Out of the hundreds of skeletons we studied, we chose these individuals for biographical reconstruction because each of them has a story to tell. They are all well-preserved enough to yield a lot of detail, including some molecular data, and each one represents a good example of others like it, some neighbourhood or group of our data and of medieval Cambridge. . PSN90 probably had a childhood of serious deprivation and died young in a poorhouse. PSN766 almost certainly died in the Black Death. We chose PSN92 to illustrate someone who had survived the Black Death, but he also was an old man with an active metastatic cancer who may have become poor in his old age. PSN911 may have died in childbirth, a common medieval life risk. The friars PSN522 and PSN524 represent the numerous religious professionals in a medieval town, especially Cambridge. PSN525 was a prosperous older woman, probably a patron of the Friary. PSN332 probably came from far away and died on a visit to Cambridge. And so on.

For more information on how we create osteobiographies, see further down this page. But for now....

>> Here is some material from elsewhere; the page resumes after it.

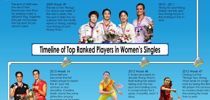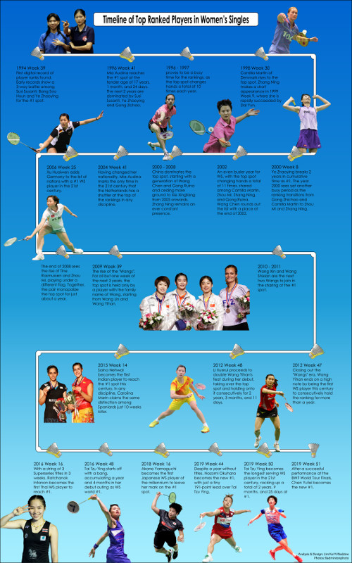 ![The top of the charts, through the years – Women’s Singles So many changes over the past 26 years of world #1s in women’s singles. Who was on top when and for how long? When did your favourite player first make […]](https://www.badzine.net/wp-content/uploads/ngg_featured/WS-Timeline-rotator.jpg)

These are human stories. Come and meet the people of medieval Cambridge:

Details of the lives and health of individuals.

maximus otter
 
I'm interested in this.
There's a book series by Phillipa Gregory set in Medieval Cambridge in the time after the plague. It's interesting as it reflects the social changes brought about in the aftermath - such as wage pressure on the employers, the rise in the merchant classes etc.
 
The first recorded use of the swearword 'fuck' regards the people of mediaeval Cambridge:

the usually accepted first known occurrence of the word is found in code in a poem in a mixture of Latin and English composed in the 15th century. The poem, which satirizes the Carmelite friars of Cambridge, England, takes its title, "Flen flyys", from the first words of its opening line, Flen, flyys, and freris ('Fleas, flies, and friars'). The line that contains fuck reads Non sunt in coeli, quia gxddbov xxkxzt pg ifmk. Deciphering the phrase gxddbou xxkxzt pg ifmk, here by replacing each letter by the previous letter in alphabetical order, as the English alphabet was then, yields the macaronic non sunt in coeli, quia fuccant vvivys of heli, which translated means, 'They are not in heaven, because they fuck the women of Ely'.